_INSTRUCTIONS FOR THE TASK:_
The data should be written out in full, exactly as it stands, and the pictures dropped.

[Opening GIVEN RECORDS section]

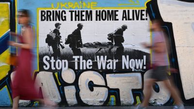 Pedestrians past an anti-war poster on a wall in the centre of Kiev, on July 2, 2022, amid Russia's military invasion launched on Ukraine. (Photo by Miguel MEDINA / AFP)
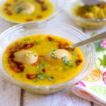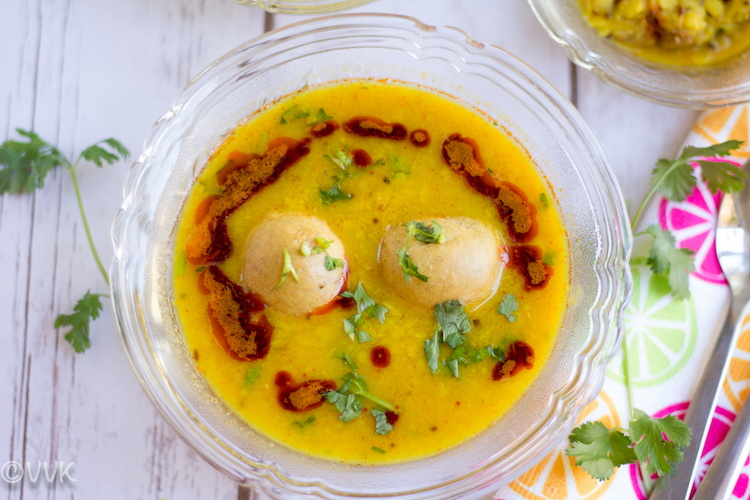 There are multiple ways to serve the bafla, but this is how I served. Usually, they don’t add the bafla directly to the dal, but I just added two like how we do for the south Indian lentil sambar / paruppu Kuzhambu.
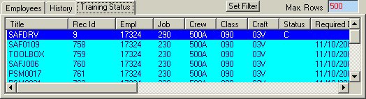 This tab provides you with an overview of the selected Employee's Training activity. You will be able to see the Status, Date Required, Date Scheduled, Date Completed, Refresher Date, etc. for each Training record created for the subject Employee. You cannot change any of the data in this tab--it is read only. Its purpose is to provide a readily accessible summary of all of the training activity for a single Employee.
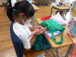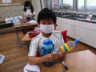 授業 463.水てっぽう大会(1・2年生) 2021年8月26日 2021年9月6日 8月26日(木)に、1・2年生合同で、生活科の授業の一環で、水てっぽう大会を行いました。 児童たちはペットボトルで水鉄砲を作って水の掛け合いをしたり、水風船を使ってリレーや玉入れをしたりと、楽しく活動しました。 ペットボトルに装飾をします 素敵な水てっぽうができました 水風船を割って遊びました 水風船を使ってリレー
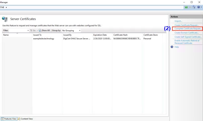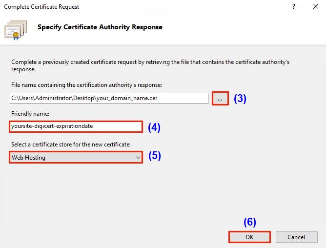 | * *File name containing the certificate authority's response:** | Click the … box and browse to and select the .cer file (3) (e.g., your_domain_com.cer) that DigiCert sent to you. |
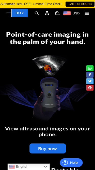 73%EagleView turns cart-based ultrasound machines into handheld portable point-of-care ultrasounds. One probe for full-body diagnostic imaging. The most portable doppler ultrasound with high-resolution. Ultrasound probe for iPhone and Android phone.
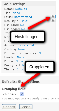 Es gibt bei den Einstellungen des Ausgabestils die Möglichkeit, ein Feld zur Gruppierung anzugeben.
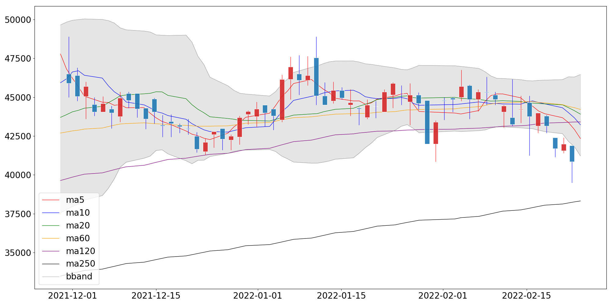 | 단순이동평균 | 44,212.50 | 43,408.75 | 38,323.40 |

[Closing GIVEN RECORDS section]

_PROBLEM SOLUTION:_
 Pedestrians past an anti-war poster on a wall in the centre of Kiev, on July 2, 2022, amid Russia's military invasion launched on Ukraine. (Photo by Miguel MEDINA / AFP)
 There are multiple ways to serve the bafla, but this is how I served. Usually, they don’t add the bafla directly to the dal, but I just added two like how we do for the south Indian lentil sambar / paruppu Kuzhambu.
 This tab provides you with an overview of the selected Employee's Training activity. You will be able to see the Status, Date Required, Date Scheduled, Date Completed, Refresher Date, etc. for each Training record created for the subject Employee. You cannot change any of the data in this tab--it is read only. Its purpose is to provide a readily accessible summary of all of the training activity for a single Employee.
 授業 463.水てっぽう大会(1・2年生) 2021年8月26日 2021年9月6日 8月26日(木)に、1・2年生合同で、生活科の授業の一環で、水てっぽう大会を行いました。 児童たちはペットボトルで水鉄砲を作って水の掛け合いをしたり、水風船を使ってリレーや玉入れをしたりと、楽しく活動しました。 ペットボトルに装飾をします 素敵な水てっぽうができました 水風船を割って遊びました 水風船を使ってリレー
 | * *File name containing the certificate authority's response:** | Click the … box and browse to and select the .cer file (3) (e.g., your_domain_com.cer) that DigiCert sent to you. |
 73%EagleView turns cart-based ultrasound machines into handheld portable point-of-care ultrasounds. One probe for full-body diagnostic imaging. The most portable doppler ultrasound with high-resolution. Ultrasound probe for iPhone and Android phone.
 Es gibt bei den Einstellungen des Ausgabestils die Möglichkeit, ein Feld zur Gruppierung anzugeben.
 | 단순이동평균 | 44,212.50 | 43,408.75 | 38,323.40 |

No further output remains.